Colloque international : L’Université face aux dérives autoritaires du néolibéralisme - Le cas chilien

Du 4 au 5 juin 2026

En France actuellement, des inquiétudes pointent quant aux libertés académiques : évaluation standardisée des formations et des laboratoires par l’HCERES, annulation de colloques scientifiques, généralisation des appels à projets formulés dans un vocabulaire technocratique.

Ces inquiétudes font écho à un contexte mondial caractérisé par un certain nombre de dérives autoritaires des démocraties libérales : « thérapies de choc » imposées par Bolsonaro aux Universités du Brésil, coups de tronçonneuse sur l’ensemble des services publics de Javier Milei en Argentine, projet de démantèlement du Ministère de l’éducation par le deuxième gouvernement Trump aux Etats-Unis. Ces phénomènes s’accompagnent d’une remise en question des libertés académiques, virant parfois à une véritable chasse aux opposants politiques dans les institutions universitaires. Ces phénomènes de restriction des libertés, couplés à des coupes massives dans les budgets dédiés à l’enseignement et à la recherche, nous appellent à donner de la profondeur à notre regard sur le présent, à le nourrir d’une réflexion philosophique et historique sur des épisodes ou moments marquants de l’histoire récente des institutions.

Le cas chilien apparaît comme un marqueur fondamental de cette histoire du néolibéralisme autoritaire, avec un processus accéléré de libéralisation de l’économie suite à la mise en place de la dictature du général Pinochet en 1973, instaurée par un coup d’Etat militaire d’une extrême violence, dans un pays profondément divisé.
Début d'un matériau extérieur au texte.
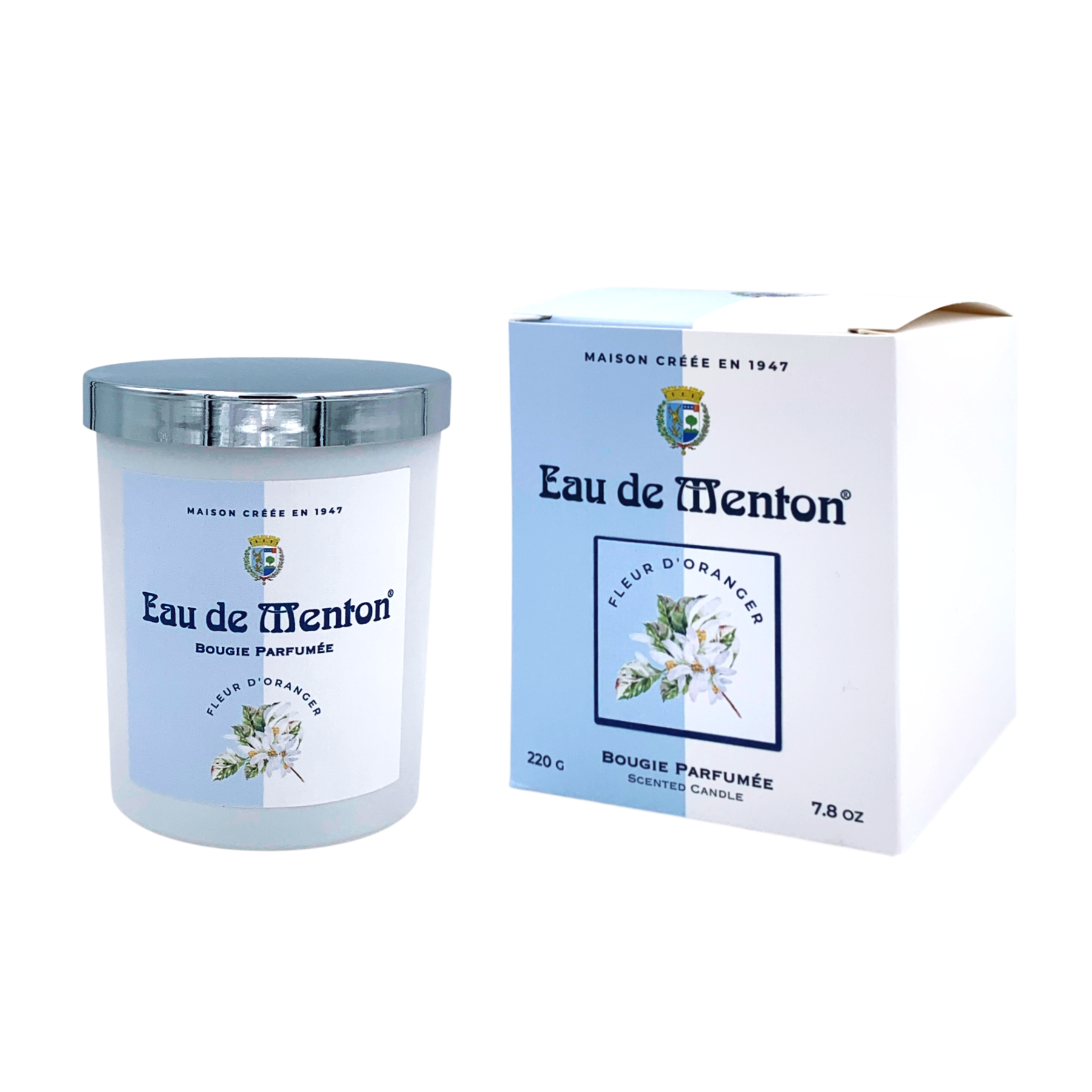Bougie 220gr présentée dans un verre blanc, avec boîte cartonnée et couvercle en métal.

Aujourd’hui encore, le Chili représente à la fois un lieu de contestation très marqué contre les politiques néolibérales héritées de la dictature, comme l’a montré le mouvement social massif de 2019 à 2021 ; mais aussi un pays dans lequel l’héritage du régime militaire néolibéral est encore très vivant, comme en témoigne notamment l’actualité politique récente et la présence d’un candidat d’extrême-droite au deuxième tour des élections présidentielles de 2025. Aussi les liens entre néolibéralisme et autoritarisme politique ont-ils été placés au centre des travaux des chercheur.e.s chiliens depuis plusieurs décennies, avec une attention toute particulière portée aux effets de ces politiques sur l’institution universitaire en général, et sur la place qu’y occupe l’enseignement et la recherche philosophique en particulier. Ces travaux, non accessibles en français pour la plupart, sont pourtant très éclairants pour penser des phénomènes à l’œuvre aujourd’hui dans de nombreux pays du monde. 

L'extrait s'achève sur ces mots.